Safer cars coming in the near future

New cars to focus more on Bluetooth than horsepower

By Lauren Freeman - Anchor

HOUSTON - Matthew Syzdek is like many new drivers on the road: he's got a story to tell about a car accident.

"A kid that went to my school backed into my friend because he was busy talking to a friend pulling out of the lot," Syzdek said.

But, unlike the older generation's first cars, this generation will be driving some of the safest cars in history.

"I would say definitely the millennial are paying attention to this kind of stuff," said RoShelle Salinas, with the Houston Auto Dealers Association.

"They are interested in the technology and all of these technological aspects for a vehicle owner to have," Salinas said.
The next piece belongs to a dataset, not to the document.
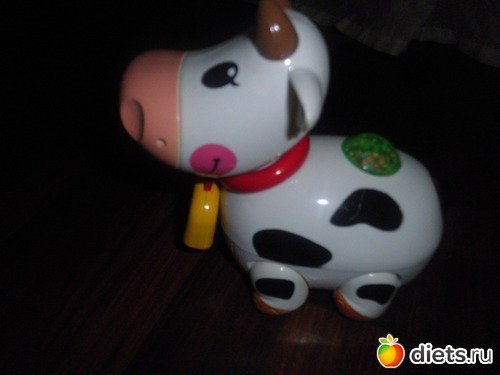 Жених нам подарил корову прикольную, она на батарейках и поет, ездит в разные стороны, а если с чем сталкивается, то едет назад.

Forget about make, model and color, millennial care more about Bluetooth than horsepower.

"(They have) backup camera, blind spot detection, also cars that can take collisions well," Syzdek said.

But, they don't have the money to spend on upgrades. Fortunately for this generation, more and more of these features are included.

"The Forester is much more of a millennial vehicle, it's very rugged," Salinas said.

The Subaru Forester will sound an alert and give the driver a visual warning when it senses danger of a collision. It will even apply the brakes automatically if you don't. And it also warns when the driver is swaying outside their lane.

The Forester starts at $22,500.

"The QX-60 is much more of a family vehicle," Salinas said.

It starts at $42,500.

"It's got seven seats in it," Salinas said. "It's got all of your safety features, from 360 surround view on the cameras to your cruise control accelerator and distance control, so you've got a sturdy family car there."

Another big safety feature -- a backup camera. By 2018, it will be required in all new smaller vehicles, but many automakers are getting ahead of the curve. Acura, Buick, Honda, and Infiniti models all currently have backup cameras as standard features.

"The consumer is definitely demanding safety," said Salinas. "They want to be safe on the road today when they're driving."

So what other new features can we expect to see in the future?

"Ford is considering putting inflatable seat belts in their vehicles," Salinas said. "On the Genesis, it has a CO2 sensor in it, and it's automatically going to circulate the air and give you fresh air in your vehicle, when you've reached .2 percent CO2 within the car."

That way, if you're sitting on a Bluetooth conference call, pull into your garage, you don't have to disconnect.